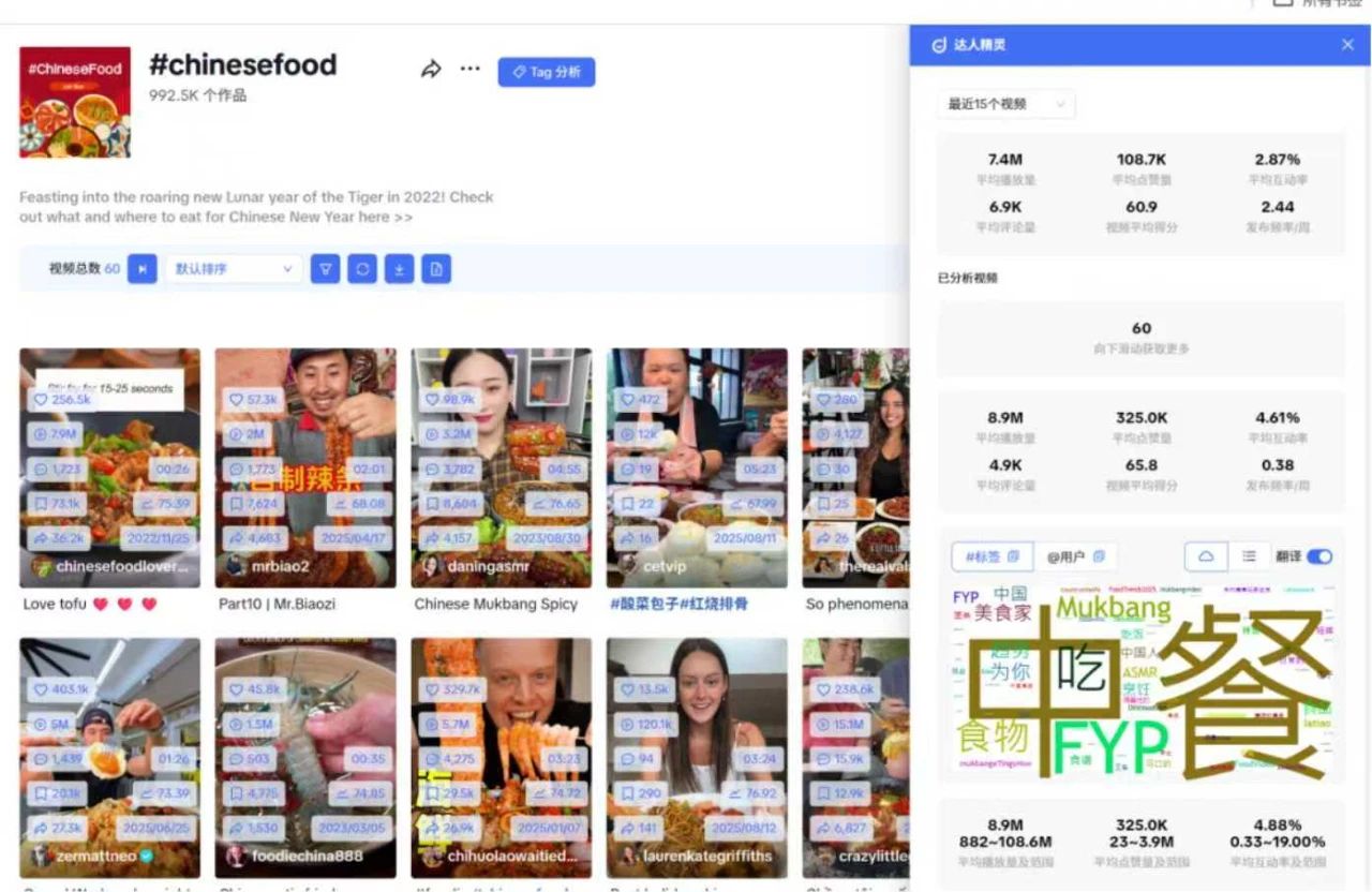 在达人分析功能中,会统计达人近期视频中的常用标签,同时还会提供与这些标签相关的视频播放量、完播率、评论量、互动率等关键指标,让用户了解每个标签的传播效果和影响力。
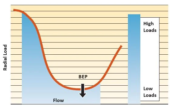 Z powodu zmian i odchyleń procesu większość pomp procesowych pracuje poza BEP, gdzie obciążenia promieniowe powodują duże naprężenia.
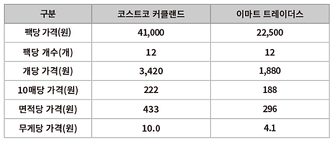 오프라인에서 1팩의 가격을 비교해 보면, 코스트코 키친타월은 41,000원이고, 트레이더스 키친타월은 22,500원입니다.
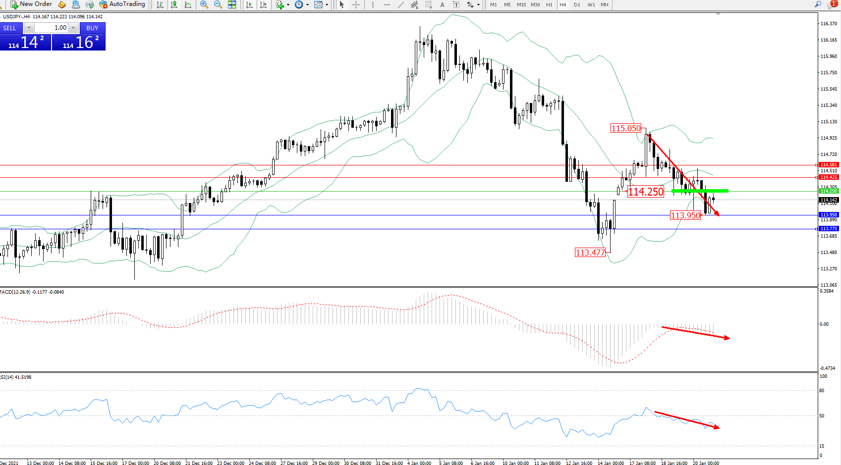 技术点评:空头动力延续布林带指标中下轨区间持续震荡下行,短期抵达113.950附近节点后得到支撑开始震荡,但下行趋势态势良好,布林带指标呈收口走势后开始张口,短期有进一步向下移动态势,MACD指标处于0轴线下方维持弱势平缓下行,RSI指标处于50均衡线下侧持续震荡中;
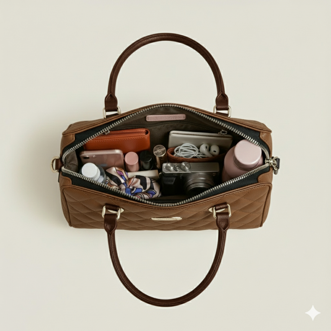 The Aurora Quilta Tote HandBag is a premium tan quilted handbag crafted for elegance, featuring golden hardware, durable handles, and versatile styling.
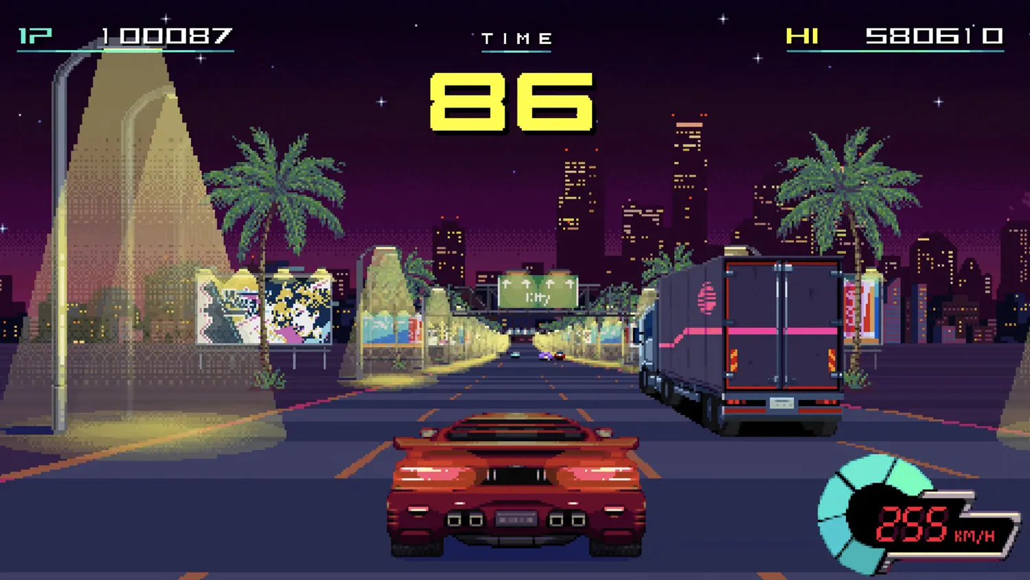 The story tying the various levels together is also disappointing. It’s presented as a coming-of-age tale that chronicles how a teenager called Kid discovers video games in a dingy arcade, and the freedom that comes from these digital worlds. However, the theme is mainly explored through cutscenes full of obvious teenage observations about isolation and belonging. Nothing actually happens, since the game doesn’t have plot points or character development. No narrative threads bind the different game genres either, so the levels you’re playing feel disconnected. Only in the Outrun-style game, which is bookended by musings about freedom, is there a smooth transition between the story and action.
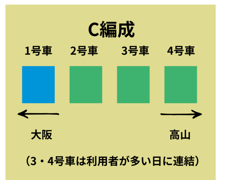 富山または大阪へ直通する列車(10往復のうち5往復)が該当します。定期列車は、A編成+B編成またはC編成で運転されます。
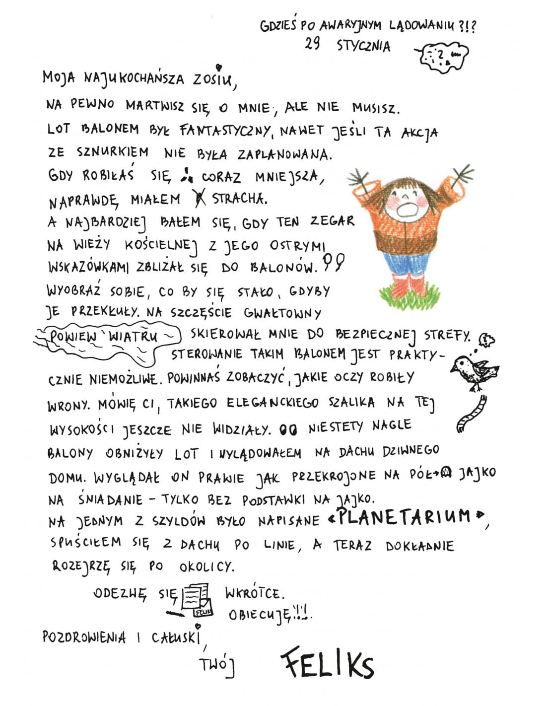 Bez tajnego planu Zosi i Feliksa to wszystko by się nie wydarzyło! Pluszowy zając, żądny przyrodniczych przygód, szybuje skonstruowanym przez Zosię balonem. Tym samym rozpoczyna się niesamowita podróż wokół błękitnej planety. Kilka dni póżniej przychodzi pierwszy list... Pojawia się coraz więcej listów, które pluszowy zając przesyła z Księżyca, Arktyki, Karaibów, lasów tropikalnych i kontynentu australijskiego. Jego opisy są pełne humoru i zawierają wiele ciekawostek o środowisku naturalnym i otaczającym nas świecie. Listy są umieszczone w sześciu prawdziwych kopertach.
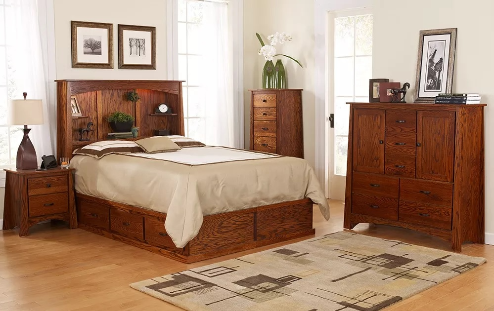 Wolfcraft Unity bedroom collection. This includes a bookcase headboard and 6 drawer queen foundation, lingerie chest, 2 drawer nightstand and a clothing coffer. This is available in Oak or Maple wood and has 12 different stain options.Read More
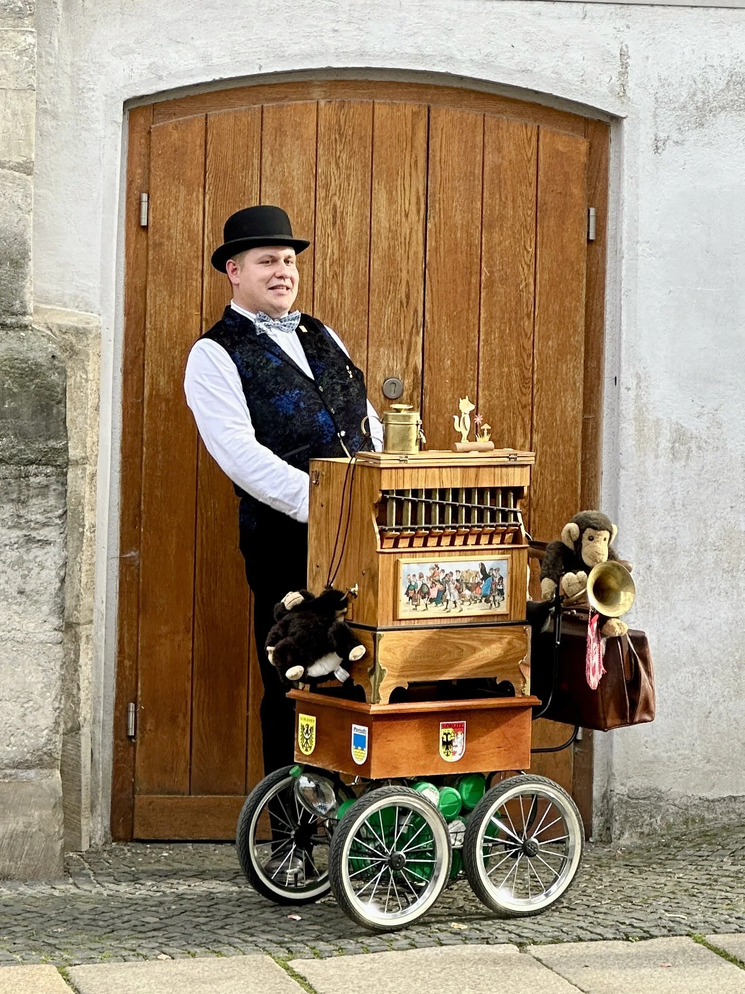 Auf einmal tönt es über den Platz: „Ich hab so Heimweh nach’m Kurfürstendamm!“ Ein Leierkastenmann mit Berliner Schnauze (eigentlich städtischer Bibliothekar) sorgt für Gänsehaut-Feeling. Die Drehorgel hat einen guten Sound und Pierre Pilz eine angenehme Stimme.
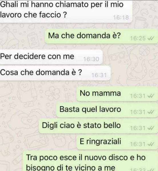 Ciao mamma ora puoi stare tranquilla, non sono mai stato il primo della classe, però sono ora il primo in classifica. E questa vittoria la dedico a te. Abbiamo dormito nella stessa stanza, sullo stesso letto, uno a fianco a l’altro fino ai miei 23 anni, fino a quest’estate, e questa musica mi aiuta a non vergognarmene. Ti ho messo nella copertina del mio singolo più importante perché me lo ero promesso da quando ero piccolo, da quando andavamo a trovare papà ai colloqui e vi baciavate mentre io disegnavo. – Ghali
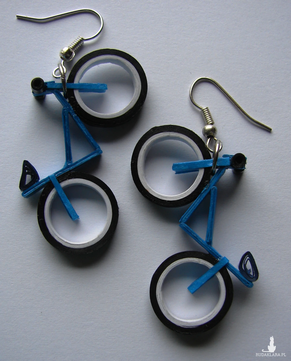 Kolczyki wykonane ręcznie z papieru metodą quilling, zabezpieczone i utwardzone lakierem bezbarwnym, więc nie chłoną wilgoci atmosferycznej.
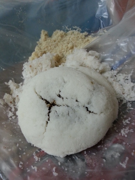 It has been a long time I never eat this. It called Putu Piring. Why? Because the shape is like a piring. Piring is a Malay word means plate. Putu Piring is made from rice flour. It is stuffed with brown sugar inside and eat together with the coconut and sugar.
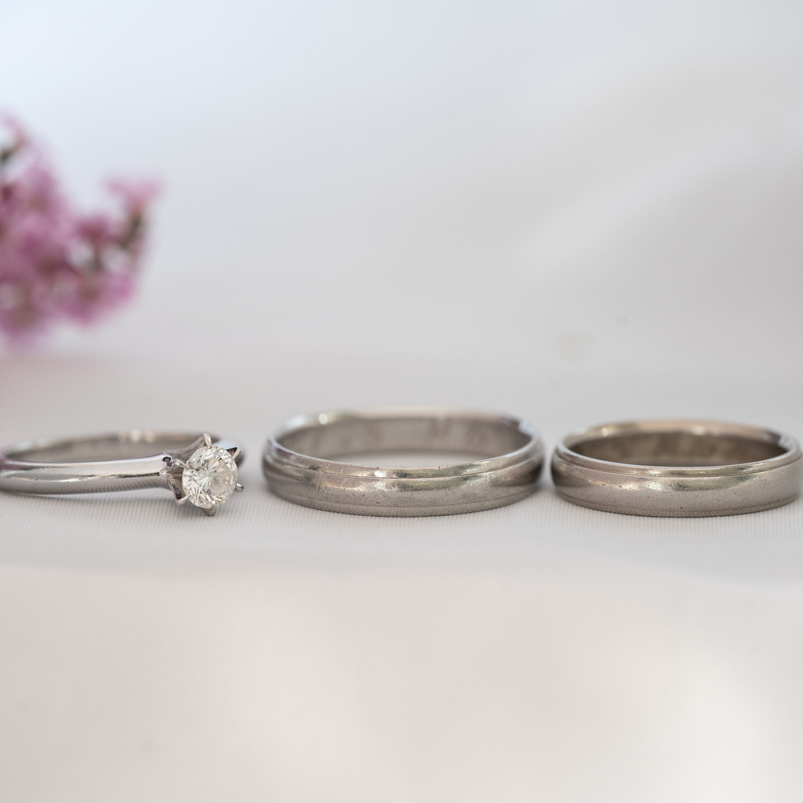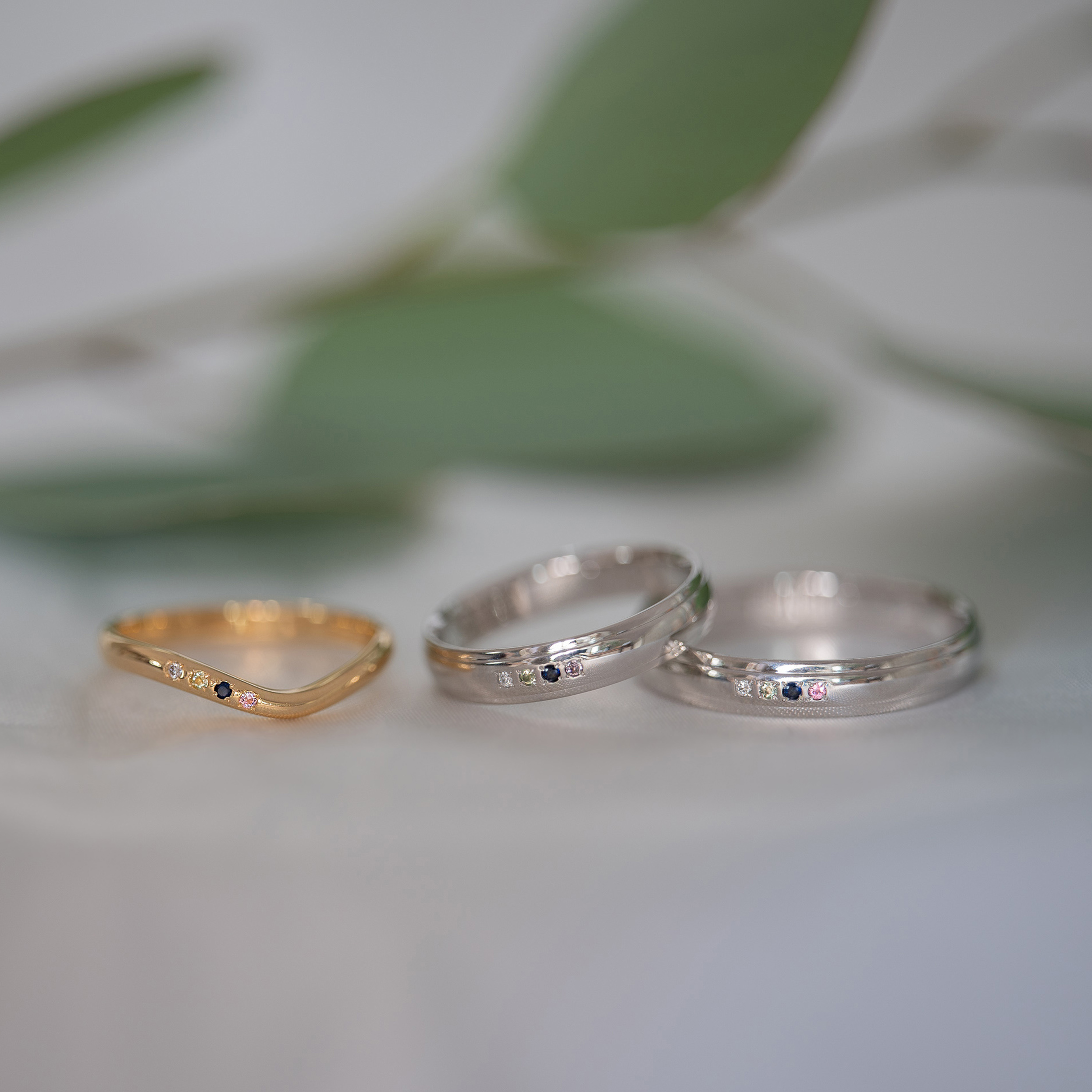 プラチナのご結婚指輪にご家族の誕生石を4ピース追加してアレンジ。
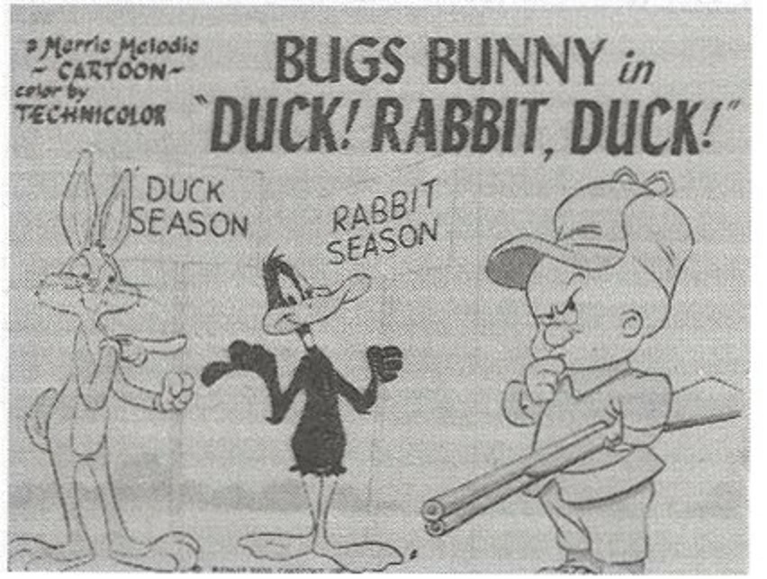 Bugs Bunny stuck out four signs to lead Elmer Fudd to shoot Daffy Duck.
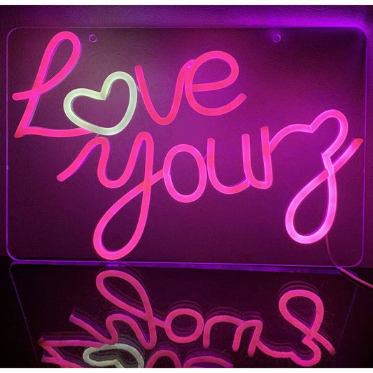 Lovely Bright Warm Pink “Love Yourz” White Heart LED Night Light Room Wall Decor
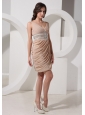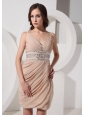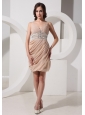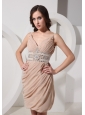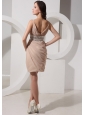 Home >  Special Occasion Dresses >  Homecoming Dresses > V-neck Neckline Mini-length Beaded and Ruch Decorate Champagne Prom Dress
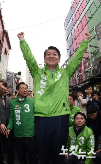 국민의당 안철수 대선후보가 20일 오후 서울 중구 남대문시장에서 시민들에게 인사를 하고 있다.
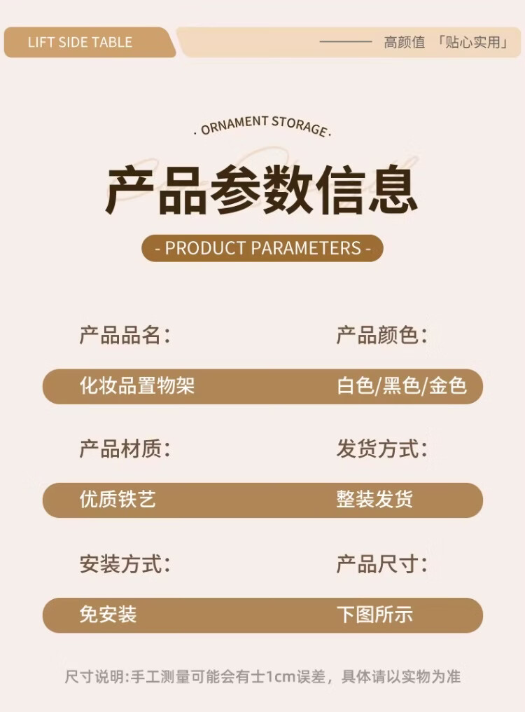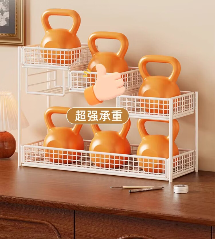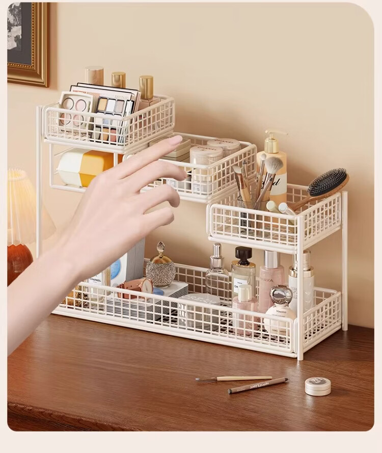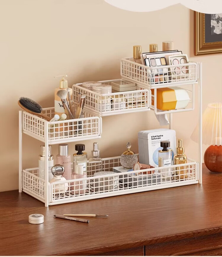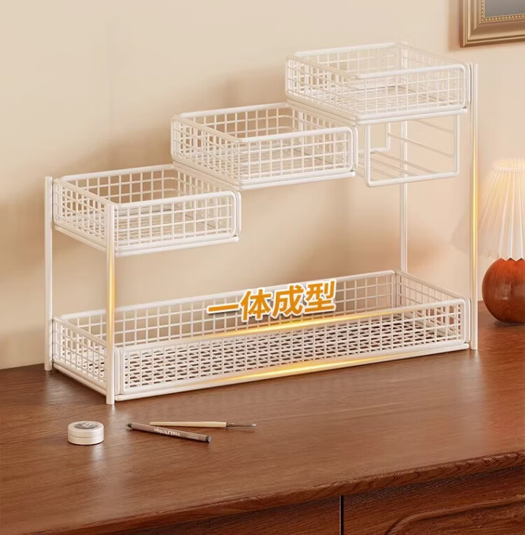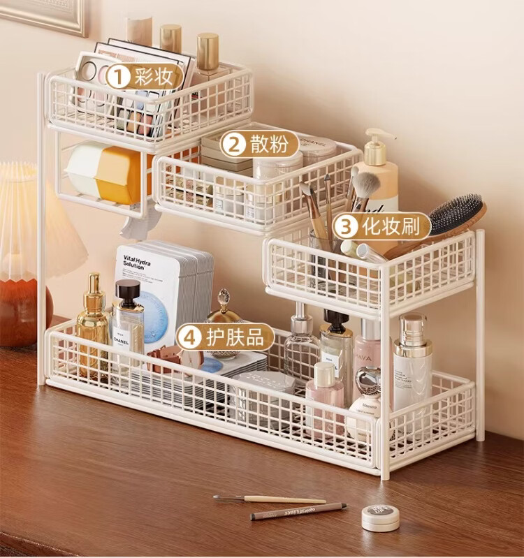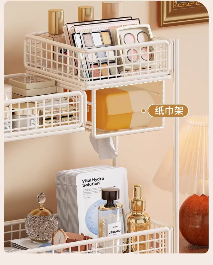 尔思家化妆品置物架卧室梳妆台多层收纳盒洗手台桌面护肤品储物篮整理架 白色-三层带纸巾盒

※

▶ **ACTION ITEM**: Output only the lines that run from the line containing "It has been" to the last line of the data, exactly as they stand and without pictures.

▶ **ANSWER TO THIS PROBLEM**:
 It has been a long time I never eat this. It called Putu Piring. Why? Because the shape is like a piring. Piring is a Malay word means plate. Putu Piring is made from rice flour. It is stuffed with brown sugar inside and eat together with the coconut and sugar.
 プラチナのご結婚指輪にご家族の誕生石を4ピース追加してアレンジ。
 Bugs Bunny stuck out four signs to lead Elmer Fudd to shoot Daffy Duck.
 Lovely Bright Warm Pink “Love Yourz” White Heart LED Night Light Room Wall Decor
 Home >  Special Occasion Dresses >  Homecoming Dresses > V-neck Neckline Mini-length Beaded and Ruch Decorate Champagne Prom Dress
 국민의당 안철수 대선후보가 20일 오후 서울 중구 남대문시장에서 시민들에게 인사를 하고 있다.
 尔思家化妆品置物架卧室梳妆台多层收纳盒洗手台桌面护肤品储物篮整理架 白色-三层带纸巾盒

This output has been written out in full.